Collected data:
---*---

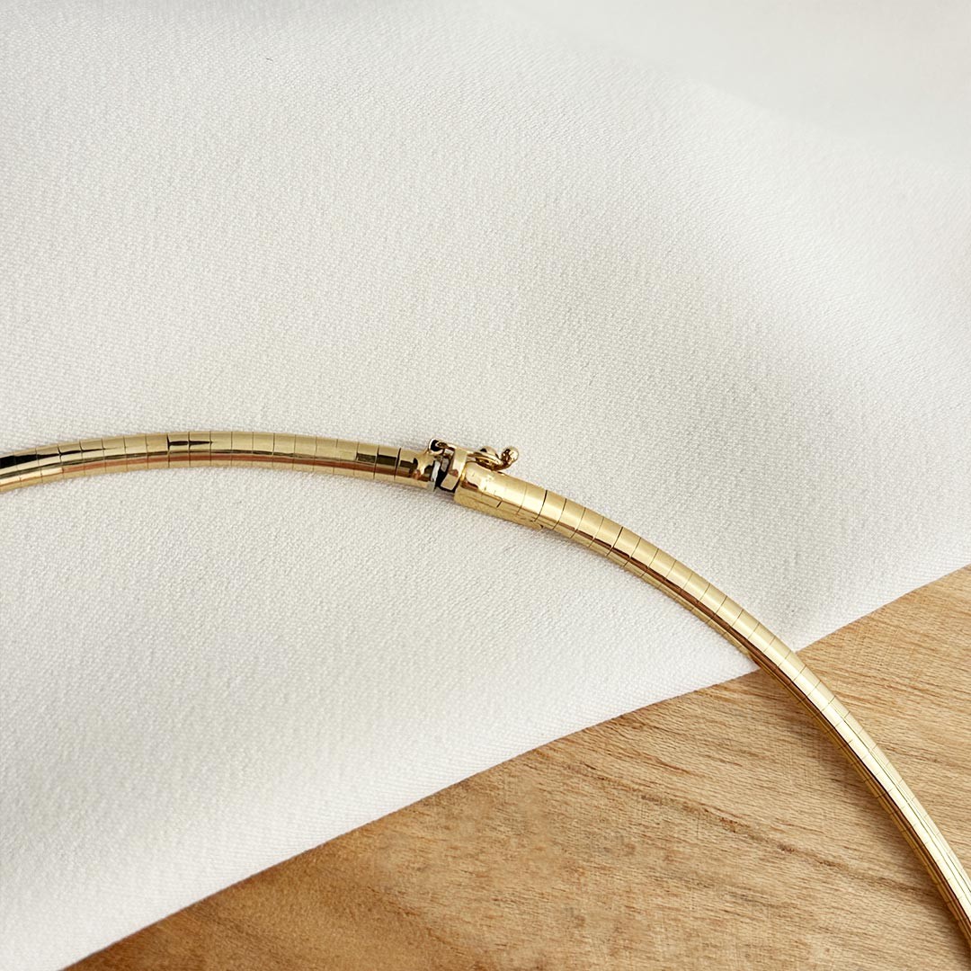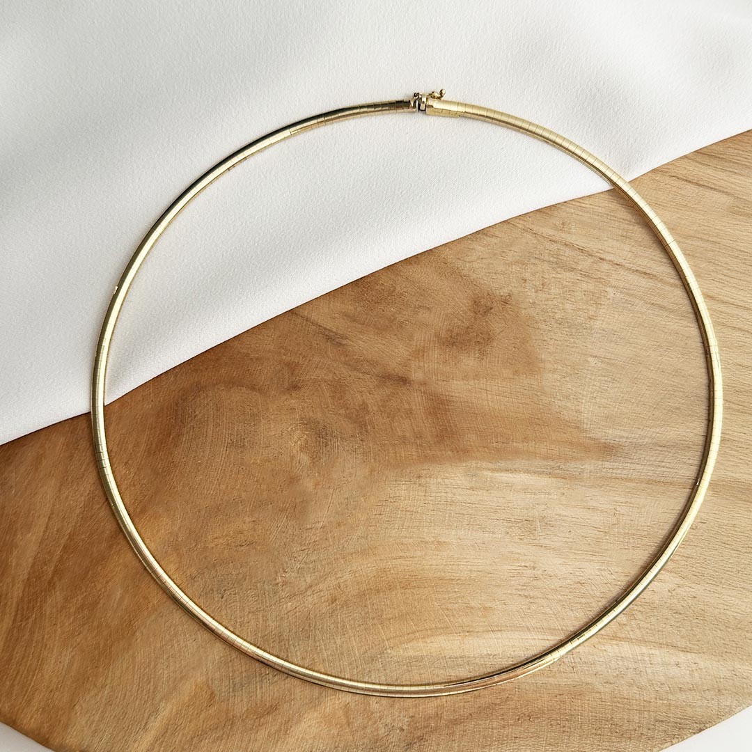 Dieser Omega-Reifen aus 585er Gelbgold ist leicht bombiert gearbeitet und hat eine Breite von 3mm – ideal für etwas größere Anhänger, aber auch ohne weiteres Schmuckstück ein eleganter Blickfang. Durch seine stabile Form legt sich der Halsreif ruhig und geschmeidig an den Hals und betont dabei dezent das Dekolleté. Die klare Linienführung und die glatte Oberfläche lassen dem getragenen Anhänger Raum zur Entfaltung, während der Reif selbst mit stilvoller Präsenz überzeugt. Ein vielseitiges Schmuckstück, das sich mühelos in den Alltag einfügt und auch zu besonderen Anlässen eine elegante Wahl ist.
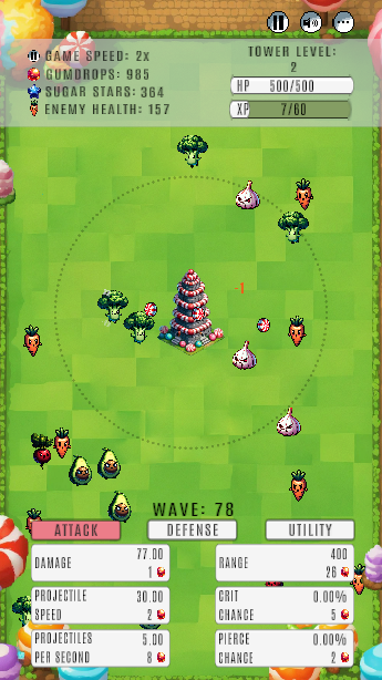 Jede Welle bringt eine beeindruckendere Auswahl an pflanzlichen Feinden mit sich, die dich dazu drängen, deine Verteidigungsstrategien kontinuierlich weiterzuentwickeln. Schnelles Denken, clevere Planung und strategische Verbesserungen des mit Süßigkeiten überzogenen Arsenals deines Turms sind überlebenswichtig.
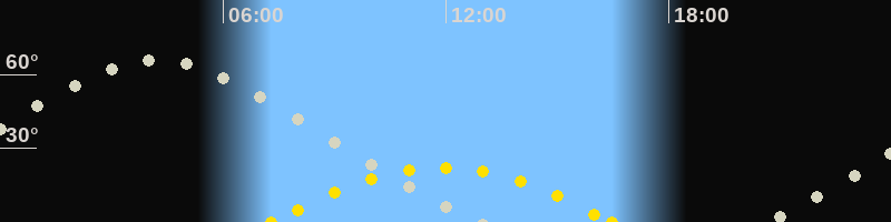 | Höchster Sonnenstand (Kulmination) | 11:54 Uhr (h = 22.1°) |
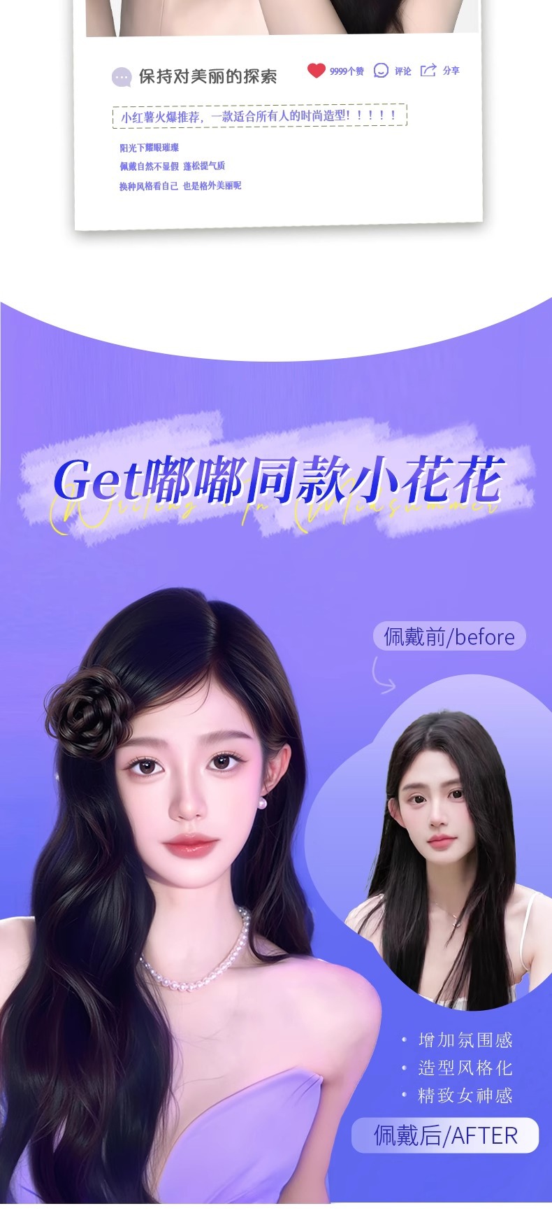 抖音と同じスタイルのウィッグヘアバンド、手作りの花のヘアピン、雰囲気のあるヘアアクセサリー、椿の花のサイドヘアゴム、丸いヘアアクセサリー
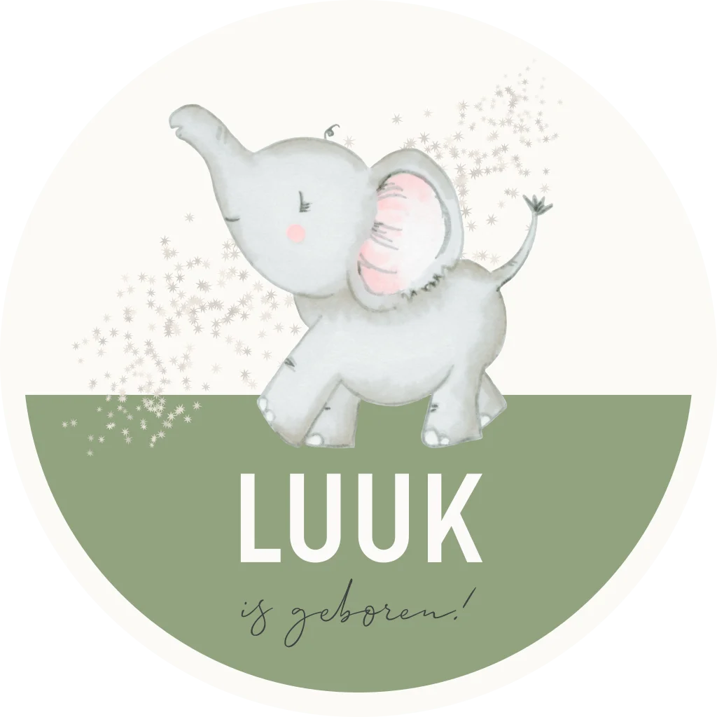 Ronde raamsticker met een illustratie van een lief baby olifantje met sterrenregen in de achtergrond en een groen gekleurd vlak voor de tekst.
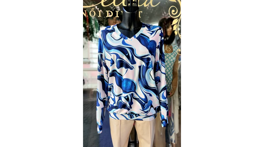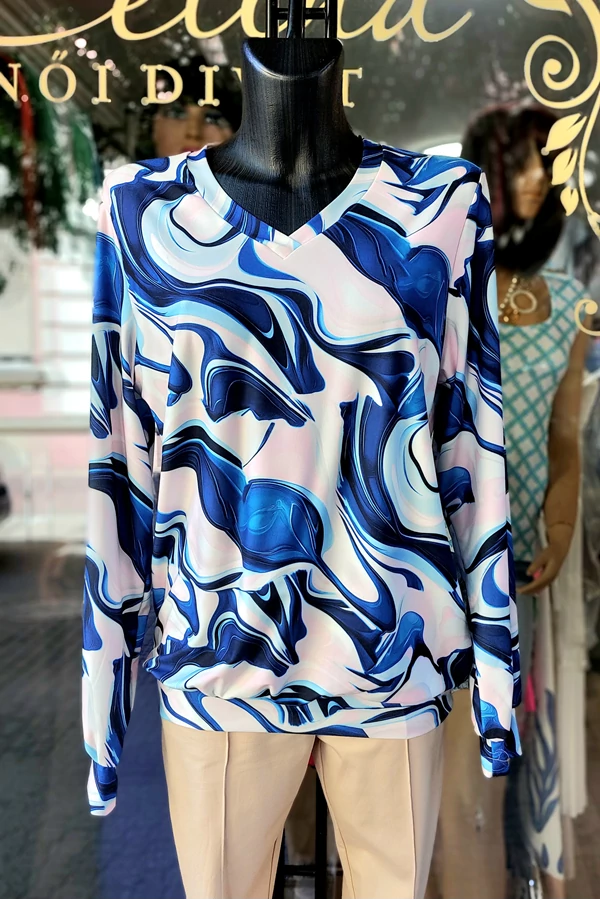 Ez a hosszú ujjú női felső tökéletes választás a hétköznapokra és alkalmi megjelenéshez egyaránt. A V-kivágás nőies vonalat kölcsönöz, míg az alul passzés kialakítás szépen formálja az alakot. Az ujjak végén széles mandzsetta gondoskodik az elegáns és modern hatásról.
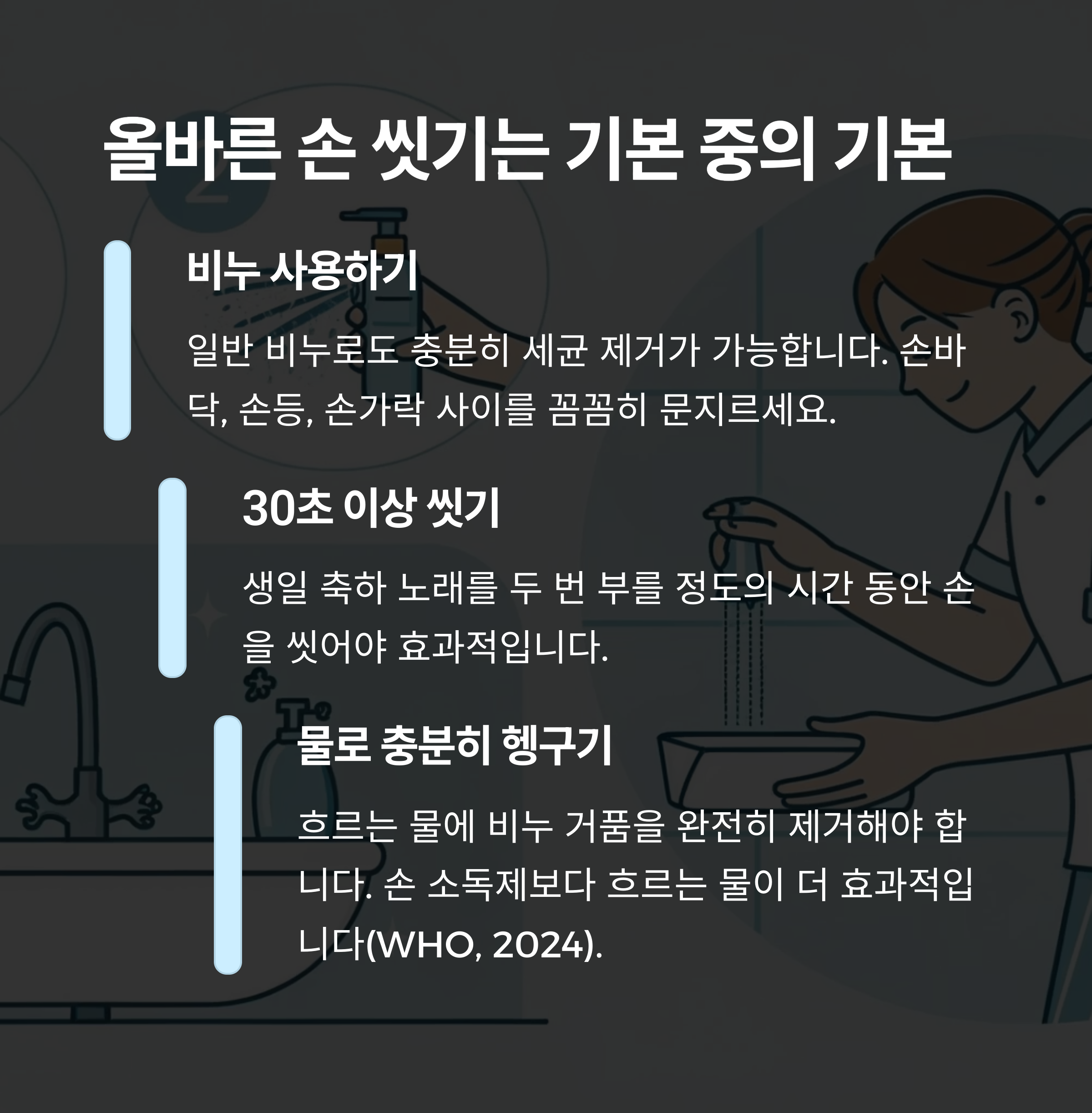 비누를 이용해 30초 이상 손등, 손바닥, 손가락 사이, 손톱 밑까지 꼼꼼히 문질러 씻는 것이 가장 효과적입니다. 손건조도 중요하니 타올 또는 자연건조를 권장합니다.
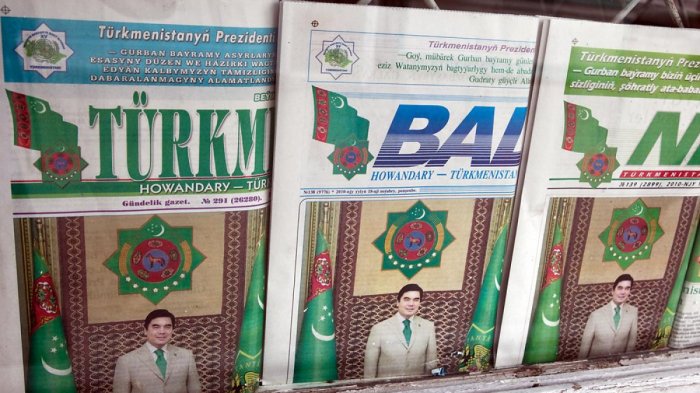 Karena gambar Presdien Gurbanguly Berdymukhammedov mendominasi sebagian besar halaman surat kabar nasional, sehingga sulit untuk tidak mengotorinya.
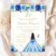 This elegant and glamourous birthday party invitation features a beautiful princess with dark hair and dark skin in a blue ball gown. The text combines handwritten script and modern sans serif fonts for a classy and sophisticated look. The floral arrangements, butterflies and gold confetti create the perfect blend of rustic and chic.
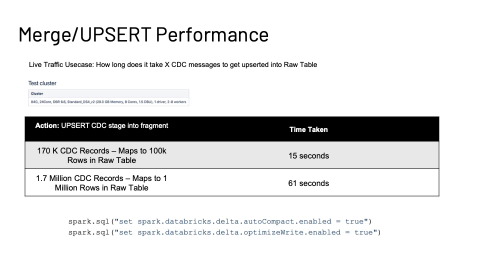 In the introductory sections and specifically in Figure 5, we emphasized the update amplification that can occur with our use case. We decided to put that to the test where we observed 2 scenarios as shown in Figure 13. We see impressive UPSERT performance even with a very minimal 24 core cluster.
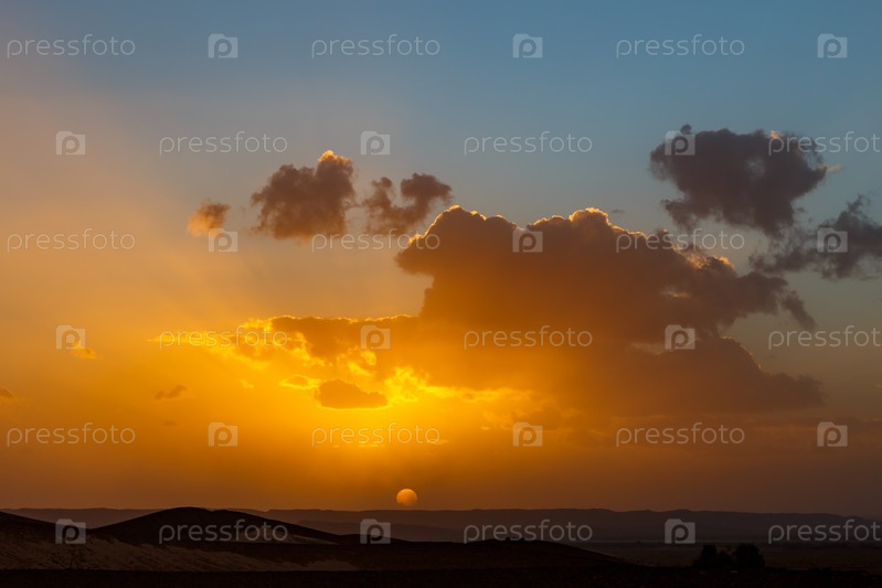 Закат в пустыне Сахара. Красивое небо. Солнце на горизонте
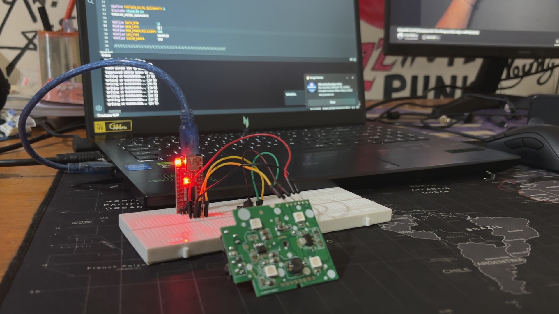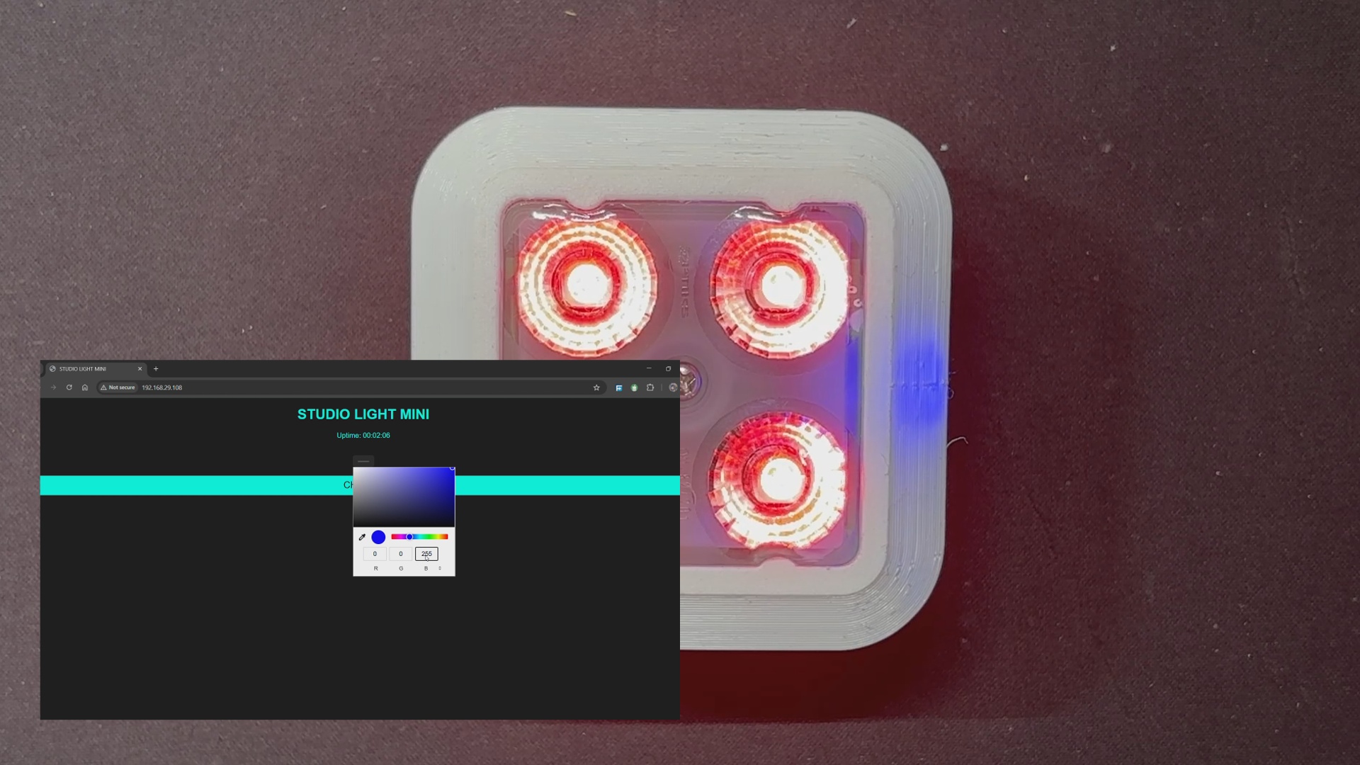 Our Setup is powered by an ESP8266, with a custom 3D-printed lens and enclosure to make the most of only four WS2812B LEDs. The web app is where the magic happens: it's simple, responsive, and works on any device. I've used my phone, laptop, and ROG Ally to control it. Simply select a hue and it refreshes instantaneously, allowing us complete creative freedom no matter where I am working.

---*---

* TASK DETAILS:
Would you transcribe all of the data exactly, omitting any pictures?

* SOLUTION:
 Dieser Omega-Reifen aus 585er Gelbgold ist leicht bombiert gearbeitet und hat eine Breite von 3mm – ideal für etwas größere Anhänger, aber auch ohne weiteres Schmuckstück ein eleganter Blickfang. Durch seine stabile Form legt sich der Halsreif ruhig und geschmeidig an den Hals und betont dabei dezent das Dekolleté. Die klare Linienführung und die glatte Oberfläche lassen dem getragenen Anhänger Raum zur Entfaltung, während der Reif selbst mit stilvoller Präsenz überzeugt. Ein vielseitiges Schmuckstück, das sich mühelos in den Alltag einfügt und auch zu besonderen Anlässen eine elegante Wahl ist.
 Jede Welle bringt eine beeindruckendere Auswahl an pflanzlichen Feinden mit sich, die dich dazu drängen, deine Verteidigungsstrategien kontinuierlich weiterzuentwickeln. Schnelles Denken, clevere Planung und strategische Verbesserungen des mit Süßigkeiten überzogenen Arsenals deines Turms sind überlebenswichtig.
 | Höchster Sonnenstand (Kulmination) | 11:54 Uhr (h = 22.1°) |
 抖音と同じスタイルのウィッグヘアバンド、手作りの花のヘアピン、雰囲気のあるヘアアクセサリー、椿の花のサイドヘアゴム、丸いヘアアクセサリー
 Ronde raamsticker met een illustratie van een lief baby olifantje met sterrenregen in de achtergrond en een groen gekleurd vlak voor de tekst.
 Ez a hosszú ujjú női felső tökéletes választás a hétköznapokra és alkalmi megjelenéshez egyaránt. A V-kivágás nőies vonalat kölcsönöz, míg az alul passzés kialakítás szépen formálja az alakot. Az ujjak végén széles mandzsetta gondoskodik az elegáns és modern hatásról.
 비누를 이용해 30초 이상 손등, 손바닥, 손가락 사이, 손톱 밑까지 꼼꼼히 문질러 씻는 것이 가장 효과적입니다. 손건조도 중요하니 타올 또는 자연건조를 권장합니다.
 Karena gambar Presdien Gurbanguly Berdymukhammedov mendominasi sebagian besar halaman surat kabar nasional, sehingga sulit untuk tidak mengotorinya.
 This elegant and glamourous birthday party invitation features a beautiful princess with dark hair and dark skin in a blue ball gown. The text combines handwritten script and modern sans serif fonts for a classy and sophisticated look. The floral arrangements, butterflies and gold confetti create the perfect blend of rustic and chic.
 In the introductory sections and specifically in Figure 5, we emphasized the update amplification that can occur with our use case. We decided to put that to the test where we observed 2 scenarios as shown in Figure 13. We see impressive UPSERT performance even with a very minimal 24 core cluster.
 Закат в пустыне Сахара. Красивое небо. Солнце на горизонте
 Our Setup is powered by an ESP8266, with a custom 3D-printed lens and enclosure to make the most of only four WS2812B LEDs. The web app is where the magic happens: it's simple, responsive, and works on any device. I've used my phone, laptop, and ROG Ally to control it. Simply select a hue and it refreshes instantaneously, allowing us complete creative freedom no matter where I am working.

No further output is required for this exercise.